Click Fraud Hits Small Biz Especially Hard

Click fraud may turn out to be as much a nuisance and threat to search engine marketing as spam and phishing are to e-mail. Small businesses are hit particularly hard. Hear what Bob Cefail, chairman of In Touch Media Group Inc., a paid search facilitation company in Clearwater, FL, has to say:

“Google's content network is where we believe there's significant click fraud. When you have your ads show up on the content network with Google, you'll notice there are a huge number of impressions with a very small actual [conversion] rate, which shows you there are a tremendous number of pages out there that are designed purely to generate clicks.

“Typically, these pages don't have visitors [who] are highly relative to your ads. That's where you're going to have a high impression rate and a low click-through rate, and that affects you not only in click fraud, but it also affects you in terms of your click-through rate.
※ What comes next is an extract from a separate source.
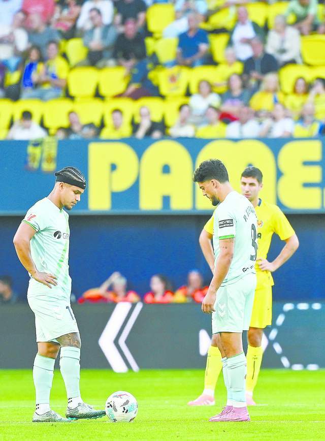 18日,西甲比利亚雷亚尔对阵皇家贝蒂斯的比赛中,球员站立不动以示抗议。 (法新社)

And you know, with Google, if you have a low click-through rate, they automatically disable your ad.

“So you have double whammies going on here: No. 1, the content network, which affects your performance of ads; and No. 2, that's where you're going to find your click fraud because those are pages in many cases that are often set up for the purposes of clicking away.

“In terms of click-fraud detection, this is once again where the small businesses fall down because your typical small business or medium-size business is not using back-end software on their Web sites that track results, visitors and IP addresses that show where your people are coming from.

“There are inexpensive solutions like Hitslink that show, for $20 a month, when you're getting consistent click fraud going on because they'll show you the number of times IP addresses are coming up over and over again. So, small and medium-size businesses aren't really prepared to fight click fraud because they don't have the necessary back-end software that evaluates their traffic.”

Google has acknowledged the click-fraud issue, as chief financial officer George Reyes said click fraud “threatens our business model” at an investors conference late last year.